We can still make mistakes, especially in the garbage collector, but that is again somewhat helped by code-sharing and coding conventions enabled by Rust ie. using destructuring in GC to make sure we don't forget any part of the heap data. (Coding conventions are not a solution, they are a mitigation at most. I _can_ write the heap GC as a map from one heap data of 'old lifetime to 'new, but that leads to worse code generation than mutating a 'static lifetime heap data :( )

4. throwawaymaths ◴[] No.42180981[source]
> But memory safety is not under threat here.
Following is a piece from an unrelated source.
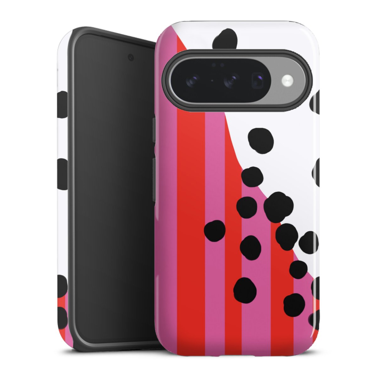 Bei dieser Handyhülle nutzen wird den besonders langlebigen Sublimationsdruck. Dieses raffinierte Druckverfahren sticht durch sein hochwertiges, gestochen scharfes Druckbild in brillanten Farben hervor. Der Druckbereich umfasst die ganze Hartschale inklusive der Ecken und Kanten, lediglich der Silikon-Einleger bleibt einfarbig schwarz. Wähle für Dein Design entweder eines unserer exklusiven Shop-Motive, oder werde kreativ und gestalte Dein Wunschdesign zum Beispiel mit Fotos und Overlays selbst.

Note I did not say memory safety. I said security safety.

replies(1): >>42188436 #
5. aapoalas ◴[] No.42188436[source]
I don't know what "security safety" is so I must've gotten confused. If you mean type safety, then we do make sure to stay on top of that: Our JS Value is an enum that contains either stack data or a typed index that corresponds to the tag. So the Array variant holds an Array index etc. So it is not possible to take type of index and turn it into another type of index without transmute.

If you refer to referential safety, so that your reference to object X still refers to X later on, then that is indeed something we "lose" because we need to implement GC ourselves. But that wouldn't actually really meaningfully change with using pointers either, as updating pointers after a move would need to be done manually as well.

Using references is right out because we cannot explain the JavaScript memory ownership model to Rust: The two are simply not compatible. There are of course safe GC crates that give you reference APIs but they do the pointer updating manually on the inside (if they have moving GC anyway), so the situation doesn't meaningfully change.